The OJZ and islands/ peninsulas that started as OJZ exhibit two major contributors to a hyperFAF signal. First, the RPE is continuous, dysmorphic, packed with organelles, and frequently thickened, creating longer pathlength for excitation light. Second, photoreceptor disintegrity, starting with outer segment shortening and eventual disappearance, leads to more incoming light reaching the RPE. Waveguiding may still be possible,²⁵ to up to a point. The hyperFAF OJZ of clinical research has been defined as 200 to 500 µm wide⁵⁸^–⁶² with OCT characteristics of RPE thickening and interruption of photoreceptor attributable bands.²³^,⁶³^,⁶⁴ These correspond to reduced visual sensitivity via micro-perimetry,⁵⁹^,⁶⁰^,⁶⁵ especially directly adjacent to atrophy.⁶⁰ By OCT a large area of ellipsoid zone disruption,⁶⁶ ELM loss,⁶⁷ or reduced “photoreceptor thickness” (top of EZ band to top of RPE-BL-BrM band)⁶⁸ surrounds the atrophic area and may have predictive value for future GA progression.⁶⁹

By magnified FAF, an IJZ was defined within the perimeter of the atrophic area and observed to contain scattered punctate FAF on a hypoFAF background. By histology, the IJZ contained scattered nucleated cells and cellular fragments, both full of typical RPE organelles at the same qualitative packing density as cells in the continuous layer. We consider the isolated cells to be largely RPE-originated, and their disposition in the IJZ as evidence for breakup of the RPE layer as Müller glia scroll the remaining photoreceptors at the ELMd.
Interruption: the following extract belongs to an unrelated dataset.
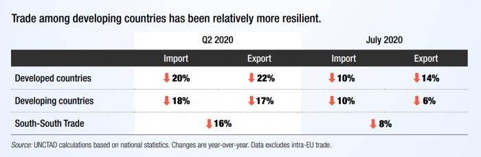贸发会议指出,今年第二季度,国际贸易因新冠疫情受到严重冲击,全球所有区域均未能幸免,但西亚和南亚的跌幅最为严重,进出口额分别回落了35%和41%。截至七月,除东亚以外的全球各区域贸易下滑仍然十分严重。

This interpretation is based on our prior studies, starting with a survey of 53 advanced AMD eyes using the same techniques used herein to reveal typical RPE organelles.³⁶^,⁷⁰ We defined RPE morphologic phenotypes that included stages of anterior migration into the retina and apoptotic shedding of non-nucleated cellular fragments, among others.⁷¹ Phenotypes were assembled into a hypothetical progression sequence that matched well the behavior of hyperreflective foci over drusenoid pigment epithelial detachments.⁷² Separate studies showed that all dysmorphic RPE were undergoing molecular transdifferentiation. Specifically, they lost retinoid markers typical of RPE (RPE65 and CRALBP) and gained immune markers typical of macrophages and microglia (CD68 and CD163),¹⁸ simultaneously gaining longer fluorescence lifetimes by microscopy.¹⁹ Out-of-layer immunoreactive cells were visible as hyper-reflective foci by ex vivo OCT, but also occurred in-layer, consistent with RPE origin. We speculated that this overall transdifferentiation represented RPE epithelial-mesenchyme transition. One set of pigmented, transdifferentiated cells (“dissociated”) was scattered across atrophic areas like those in the IJZ of the index case.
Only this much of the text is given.